#### Exercise data
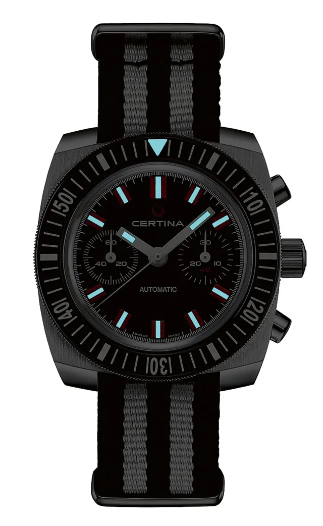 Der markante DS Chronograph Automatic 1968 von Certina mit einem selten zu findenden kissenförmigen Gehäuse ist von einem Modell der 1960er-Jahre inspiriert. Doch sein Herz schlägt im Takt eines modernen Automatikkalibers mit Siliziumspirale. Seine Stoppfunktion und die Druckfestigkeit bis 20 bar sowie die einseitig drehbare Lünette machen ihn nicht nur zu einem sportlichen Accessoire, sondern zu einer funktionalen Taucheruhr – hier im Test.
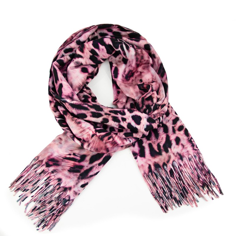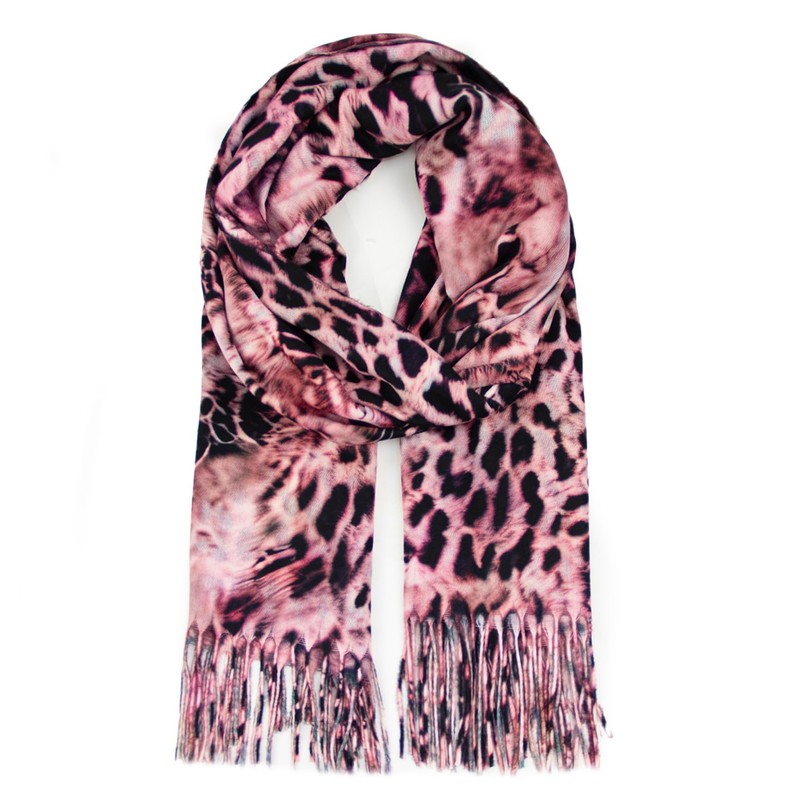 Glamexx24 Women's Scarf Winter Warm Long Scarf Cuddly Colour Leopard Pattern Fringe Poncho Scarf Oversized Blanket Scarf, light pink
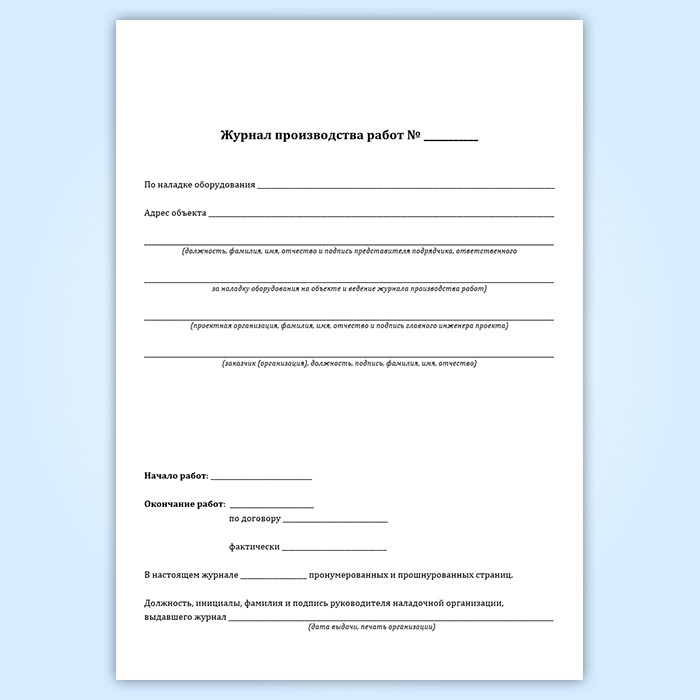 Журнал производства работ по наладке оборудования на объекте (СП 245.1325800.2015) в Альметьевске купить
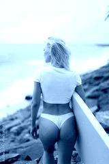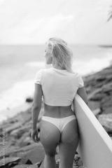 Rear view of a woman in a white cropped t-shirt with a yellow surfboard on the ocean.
########
Would you set down, word for word, the lines running from the one that contains "Glamexx24 Women's Scarf" to the last line of the material, omitting all pictures?

 Glamexx24 Women's Scarf Winter Warm Long Scarf Cuddly Colour Leopard Pattern Fringe Poncho Scarf Oversized Blanket Scarf, light pink
 Журнал производства работ по наладке оборудования на объекте (СП 245.1325800.2015) в Альметьевске купить
 Rear view of a woman in a white cropped t-shirt with a yellow surfboard on the ocean.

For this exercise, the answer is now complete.